*WHAT IS BEING ASKED:* No pictures, please. Output the lines from the start of the data through the line that contains "這是1757年乾隆皇帝命六世", both included, exactly as they stand.

*DATA SECTION:*
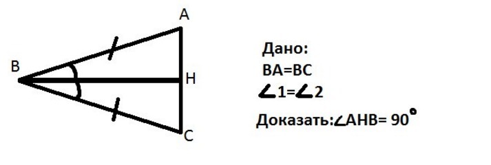 т.к BH - биссектриса делит угол пополам,а он еще и равнобед => AHB - 90 °
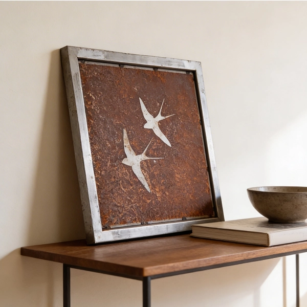 Flying Together a beautiful rustic metal wall art piece depicting two birds flying side by side, symbolizing unity and companionship. The textured, weathered finish adds warmth and character, making it perfect for cozy homes, mountain lodges, or nature-inspired interiors.
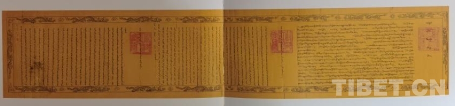 這是1757年乾隆皇帝命六世第穆呼圖克圖阿旺降白德勒嘉措出任西藏地方第一任攝政的敕諭。它以藏文、滿文、蒙古文3種文字書寫,承載著重要的歷史信息。
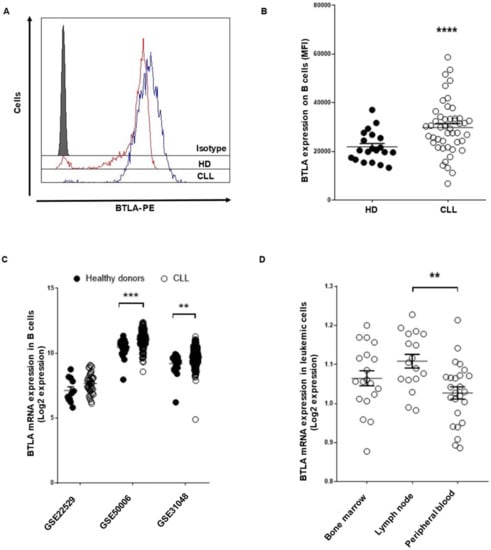 BTLA immune checkpoint expression is upregulated on leukemic cells from patients with CLL. BTLA surface expression on leukemic cells from patients with CLL (n = 46) and B cells from HD (n = 20) was evaluated by flow cytometry. (A) Representative histogram of BTLA expression (MFI) in HD and patients. (B) Comparison of BTLA levels between leukemic cells from patients and B cells from controls (MFI ± SEM). (C) Three available microarray data from the GEO database were interrogated to analyze BTLA mRNA expression in leukemic cells from patients with CLL in comparison with HD. (D) BTLA mRNA levels were evaluated according to leukemic cell localization (GSE21029). Each dot represents an individual sample. ** p < 0.01, *** p < 0.001 and **** p < 0.0001.

*TASK RESULT:*
 т.к BH - биссектриса делит угол пополам,а он еще и равнобед => AHB - 90 °
 Flying Together a beautiful rustic metal wall art piece depicting two birds flying side by side, symbolizing unity and companionship. The textured, weathered finish adds warmth and character, making it perfect for cozy homes, mountain lodges, or nature-inspired interiors.
 這是1757年乾隆皇帝命六世第穆呼圖克圖阿旺降白德勒嘉措出任西藏地方第一任攝政的敕諭。它以藏文、滿文、蒙古文3種文字書寫,承載著重要的歷史信息。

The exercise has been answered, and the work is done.